:: Description of the task ::
The listing below should be printed again word for word, without any images.
Source material: Begin
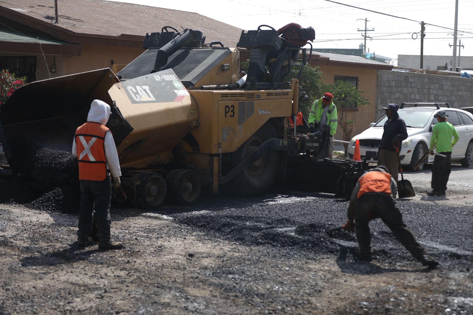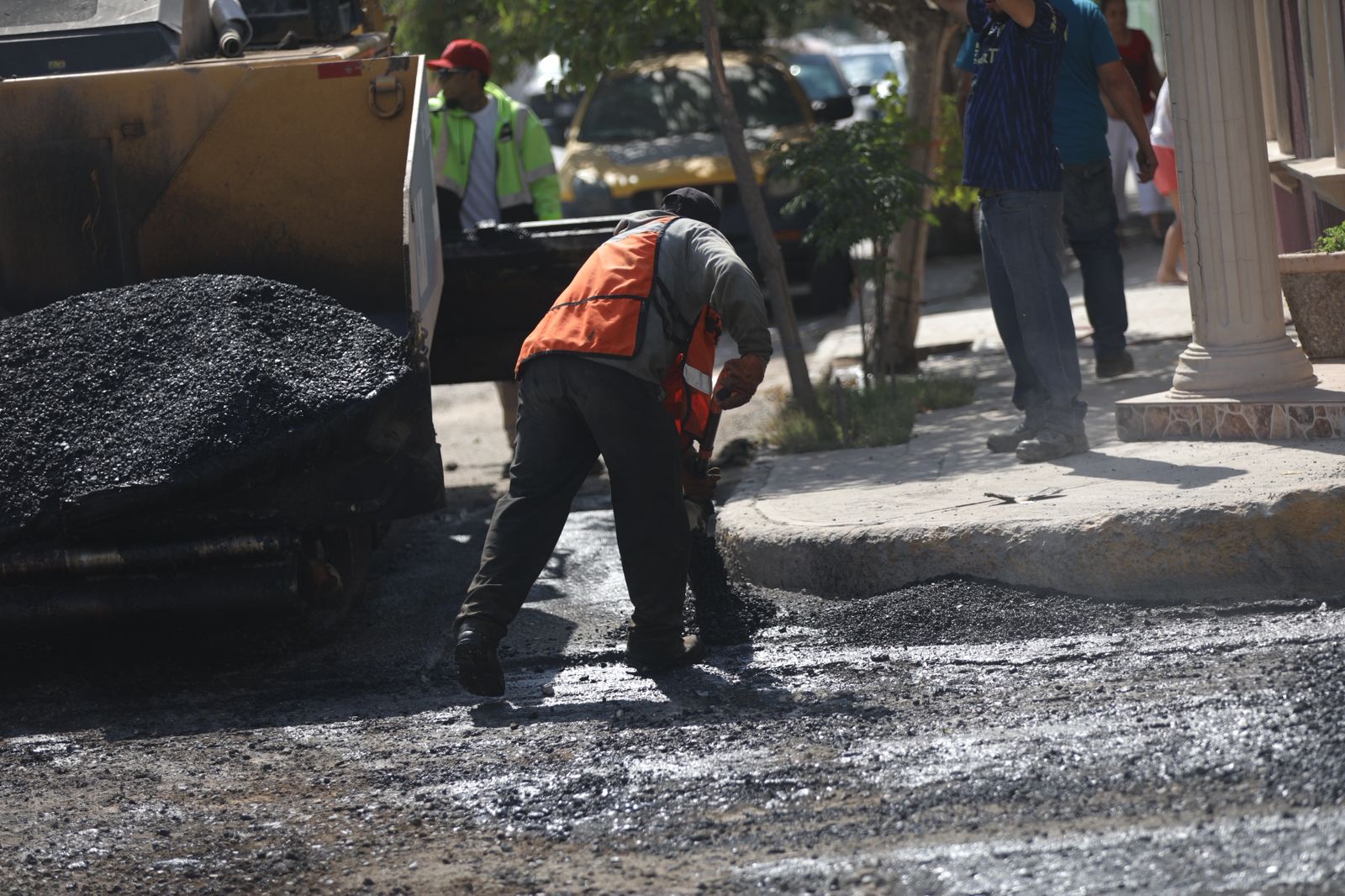 Repavimenta Obras Públicas calle Bario y José María Arteaga en el norponiente de la ciudad
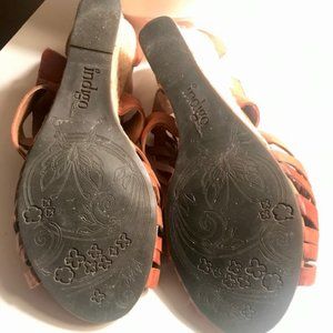 Here's the listing from Clarks: Indigo by Clarks introduces a fresh new expression of comfort. All the comfort technology you would expect, along with a sense of fashion, detailing, and fun use of color. Bring a contemporary lift to spring and summer looks with the Pocomo sandal from indigo by Clarks. The leather upper of this cool shoe features woven straps and a jute-covered wedge for a one-two punch of on-trend style. The ankle straps fasten with a hook-and-loop closure for a secure fit, and a cushioned footbed and flexible outs
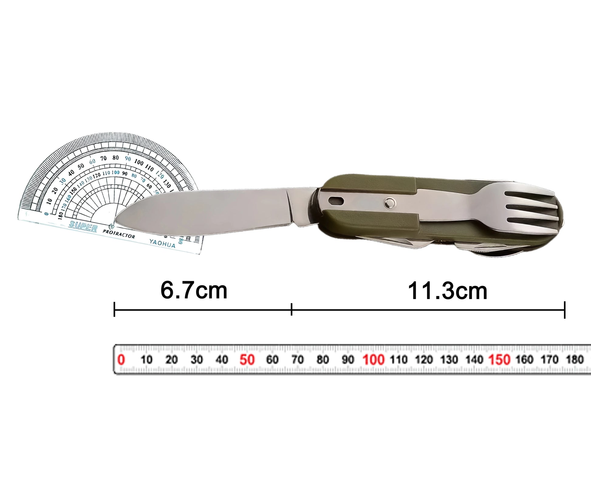 | Funkcje | Nóż, widelec, łyżka, otwieracz do butelek, otwieracz do konserw, korkociąg, narzędzie pomocnicze |
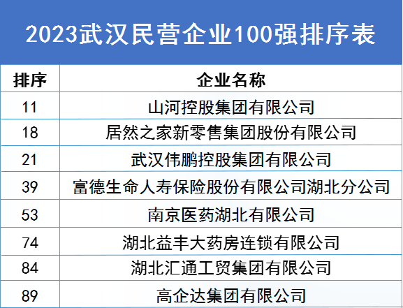 2023年武汉“民营企业100强”
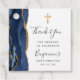 Den här bekräftelsenheten tackar för att du föredrar -taggen har en marin blå vattenfärgsagatdesign som trimmas med faux guld glitter. En faux foil kor i guld visas ovanför ord "Tack" i ett grått-handskript för kol mot vit bakgrund. Anpassa den med namn från hederskammaren, tillfälle och datumet i grått-kolet.
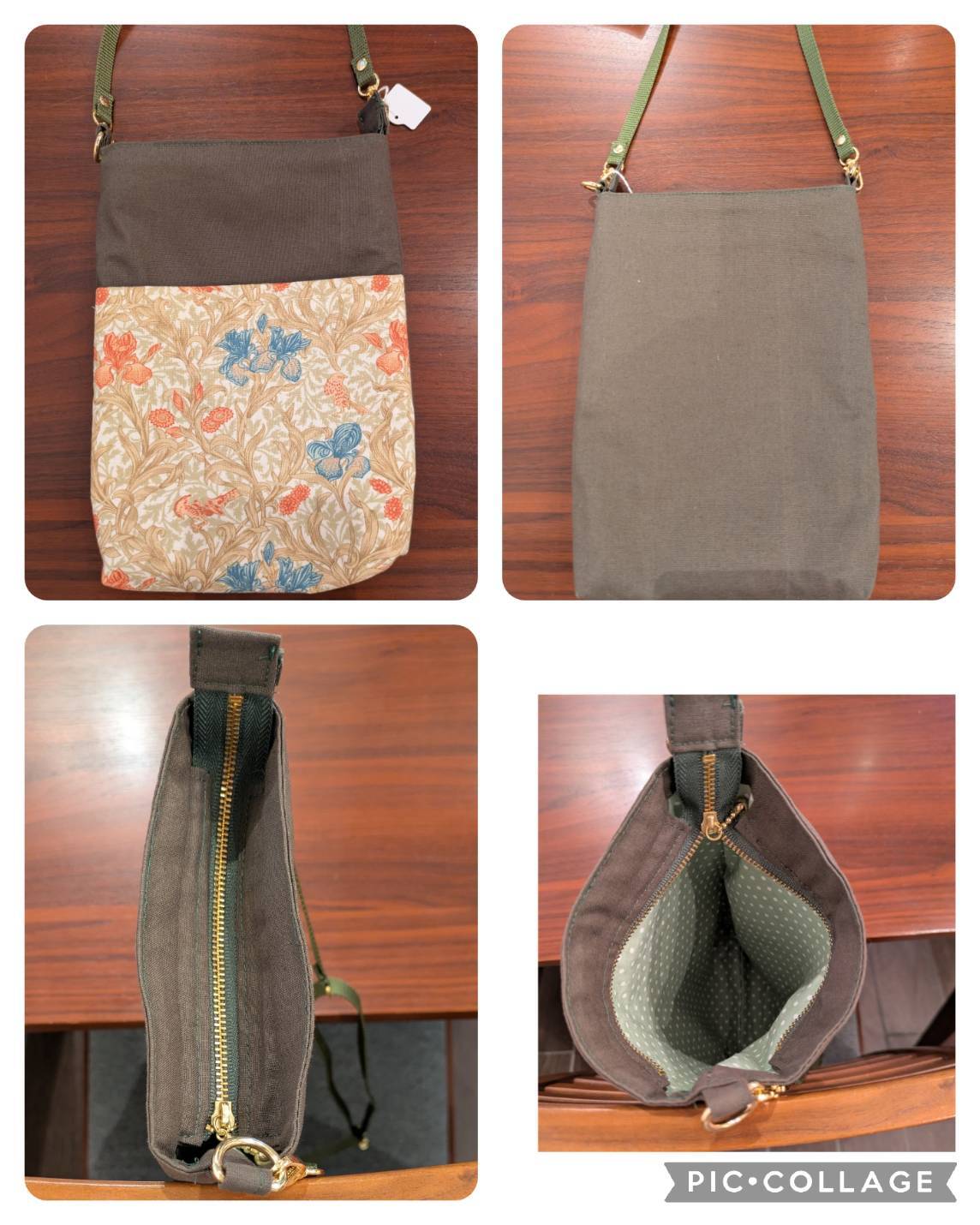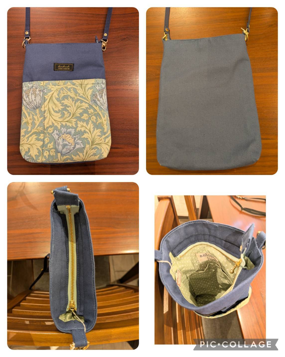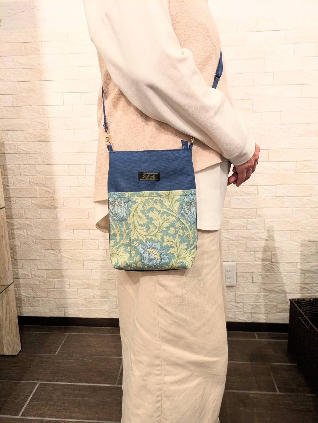 財布、スマホ、眼鏡等が入るお出かけに便利なポシェット。長さ調節が可能なショルダー紐付き。 外ポケットあり、内ポケットあり(注:こげ茶にはありません)
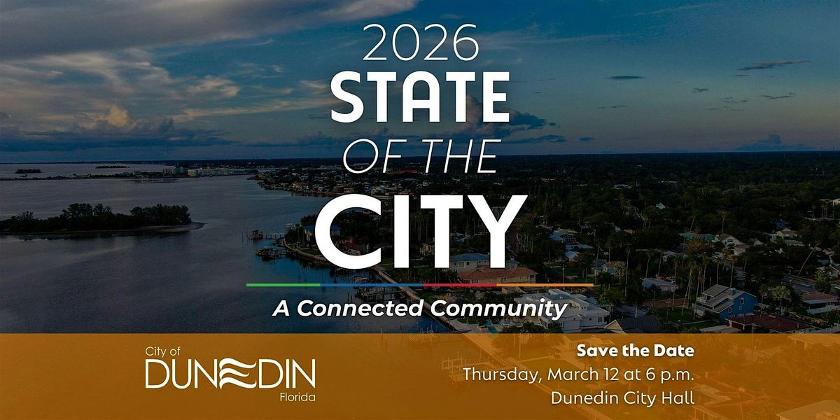 The 2026 event is presented by the City of Dunedin. Event will begin with community networking from 6 – 7 p.m. with light refreshments and the State of the City presentation from 7 – 8 p.m. at Dunedin City Hall located at 737 Louden Avenue, Dunedin, FL.
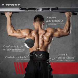 Til je training naar een hoger niveau met een dip belt. Met een dip belt van FitFirst voeg je eenvoudig extra gewicht toe aan je dips en pull-ups, waardoor je sneller progressie boekt en je kracht aanzienlijk vergroot. Onze comfortabele en veilige dip weight belt is ontworpen voor optimale prestaties zonder ongemak, zodat jij je volledig kunt focussen op je workout. Niets is namelijk zo storend als een gewichten riem die snijdt of schuurt tijdens je training. Wij bieden je een dip weight belt met een ergonomisch ontwerp, waardoor de druk gelijkmatig verdeeld wordt en de D-ringen slim gepositioneerd zijn om irritatie te voorkomen. Zo blijf je comfortabel trainen, zelfs bij zware gewichten. Wil jij meer uit je krachttraining halen? Bestel vandaag nog een dip belt bij FitFirst!
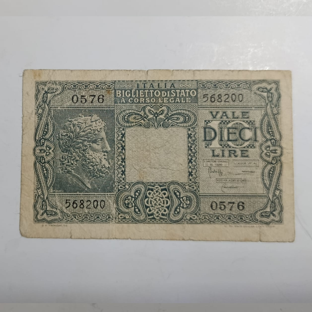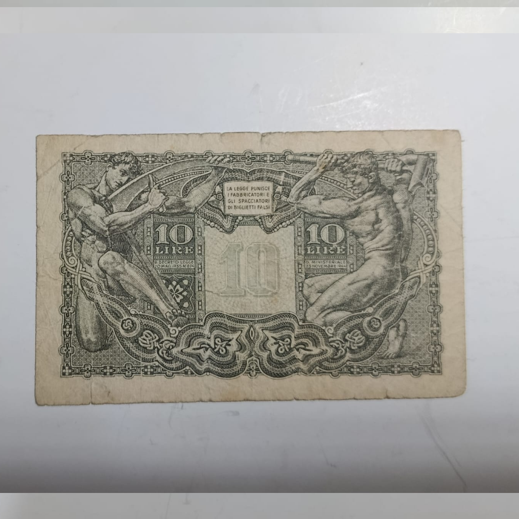 Billete de 10 Liras emitido en Italia en 1953, Serie 0576. Fabricado en papel, presenta diseño clásico con leyenda “REPVBBLICA ITALIANA” y valor enmarcado por espigas de trigo. En estado VG a XF, es una pieza representativa del período republicano italiano, valorada por su estética sobria y contexto histórico.
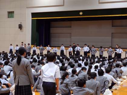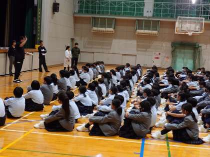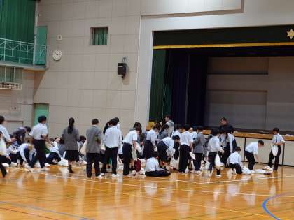 6限目の体育館での取り組みも、時間通りの開始ができず、再スタートとなりました。2度目の集合は、無駄な話し声は聞こえず、「横もそろえて」「靴もまっすぐ置いて」といった委員長の声かけだけが体育館に聞こえています。
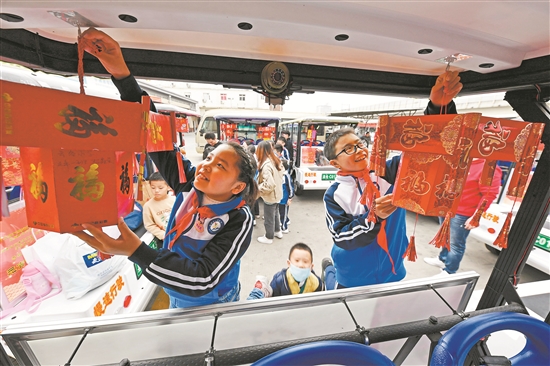 花灯车上挂,民俗车身贴。昨日,泉州公交集团温陵分公司对部分社区巴士“小白”、三轮车“小红”进行装饰,为佳节添彩。
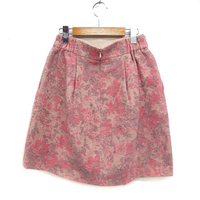 アナトリエ ANATELIER ジャガード タック フレアスカート ミニ ウール 36 ピンク /FT4 レディース
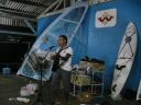 左から新人さん紹介(ウクレレ演奏にて)/香山君弾語り/抽選会優勝者(ツインウエーブ新品)
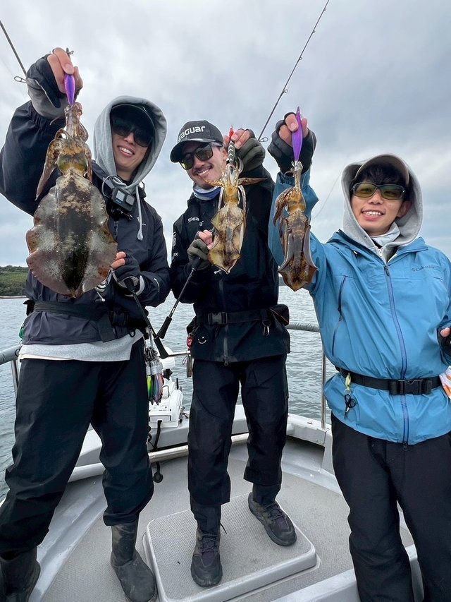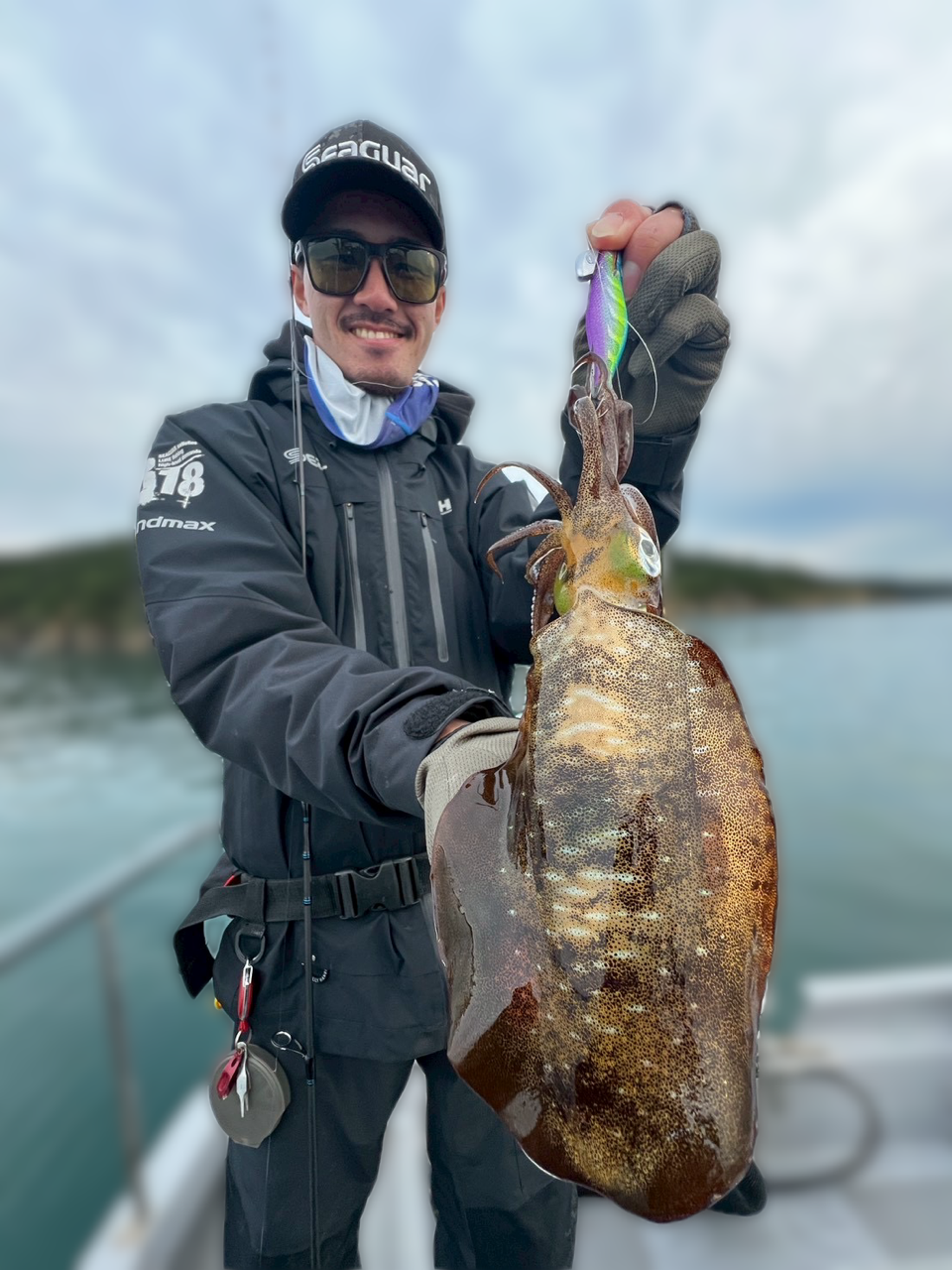 午前は風が強く吹く為、10時出船!若干、風を避けるエリアからスタートすると早速、同船者にヒット!500~600g程の良いアオリイカッ!前回よりも大分、大きくなっていました!そうして、約2~3時間、、、。なぜか自分だけ釣れない時間が続く(笑)逆にちょっと楽しい状況でした。
Source material: End
:: Output for this exercise ::
 Repavimenta Obras Públicas calle Bario y José María Arteaga en el norponiente de la ciudad
 Here's the listing from Clarks: Indigo by Clarks introduces a fresh new expression of comfort. All the comfort technology you would expect, along with a sense of fashion, detailing, and fun use of color. Bring a contemporary lift to spring and summer looks with the Pocomo sandal from indigo by Clarks. The leather upper of this cool shoe features woven straps and a jute-covered wedge for a one-two punch of on-trend style. The ankle straps fasten with a hook-and-loop closure for a secure fit, and a cushioned footbed and flexible outs
 | Funkcje | Nóż, widelec, łyżka, otwieracz do butelek, otwieracz do konserw, korkociąg, narzędzie pomocnicze |
 2023年武汉“民营企业100强”
 Den här bekräftelsenheten tackar för att du föredrar -taggen har en marin blå vattenfärgsagatdesign som trimmas med faux guld glitter. En faux foil kor i guld visas ovanför ord "Tack" i ett grått-handskript för kol mot vit bakgrund. Anpassa den med namn från hederskammaren, tillfälle och datumet i grått-kolet.
 財布、スマホ、眼鏡等が入るお出かけに便利なポシェット。長さ調節が可能なショルダー紐付き。 外ポケットあり、内ポケットあり(注:こげ茶にはありません)
 The 2026 event is presented by the City of Dunedin. Event will begin with community networking from 6 – 7 p.m. with light refreshments and the State of the City presentation from 7 – 8 p.m. at Dunedin City Hall located at 737 Louden Avenue, Dunedin, FL.
 Til je training naar een hoger niveau met een dip belt. Met een dip belt van FitFirst voeg je eenvoudig extra gewicht toe aan je dips en pull-ups, waardoor je sneller progressie boekt en je kracht aanzienlijk vergroot. Onze comfortabele en veilige dip weight belt is ontworpen voor optimale prestaties zonder ongemak, zodat jij je volledig kunt focussen op je workout. Niets is namelijk zo storend als een gewichten riem die snijdt of schuurt tijdens je training. Wij bieden je een dip weight belt met een ergonomisch ontwerp, waardoor de druk gelijkmatig verdeeld wordt en de D-ringen slim gepositioneerd zijn om irritatie te voorkomen. Zo blijf je comfortabel trainen, zelfs bij zware gewichten. Wil jij meer uit je krachttraining halen? Bestel vandaag nog een dip belt bij FitFirst!
 Billete de 10 Liras emitido en Italia en 1953, Serie 0576. Fabricado en papel, presenta diseño clásico con leyenda “REPVBBLICA ITALIANA” y valor enmarcado por espigas de trigo. En estado VG a XF, es una pieza representativa del período republicano italiano, valorada por su estética sobria y contexto histórico.
 6限目の体育館での取り組みも、時間通りの開始ができず、再スタートとなりました。2度目の集合は、無駄な話し声は聞こえず、「横もそろえて」「靴もまっすぐ置いて」といった委員長の声かけだけが体育館に聞こえています。
 花灯车上挂,民俗车身贴。昨日,泉州公交集团温陵分公司对部分社区巴士“小白”、三轮车“小红”进行装饰,为佳节添彩。
 アナトリエ ANATELIER ジャガード タック フレアスカート ミニ ウール 36 ピンク /FT4 レディース
 左から新人さん紹介(ウクレレ演奏にて)/香山君弾語り/抽選会優勝者(ツインウエーブ新品)
 午前は風が強く吹く為、10時出船!若干、風を避けるエリアからスタートすると早速、同船者にヒット!500~600g程の良いアオリイカッ!前回よりも大分、大きくなっていました!そうして、約2~3時間、、、。なぜか自分だけ釣れない時間が続く(笑)逆にちょっと楽しい状況でした。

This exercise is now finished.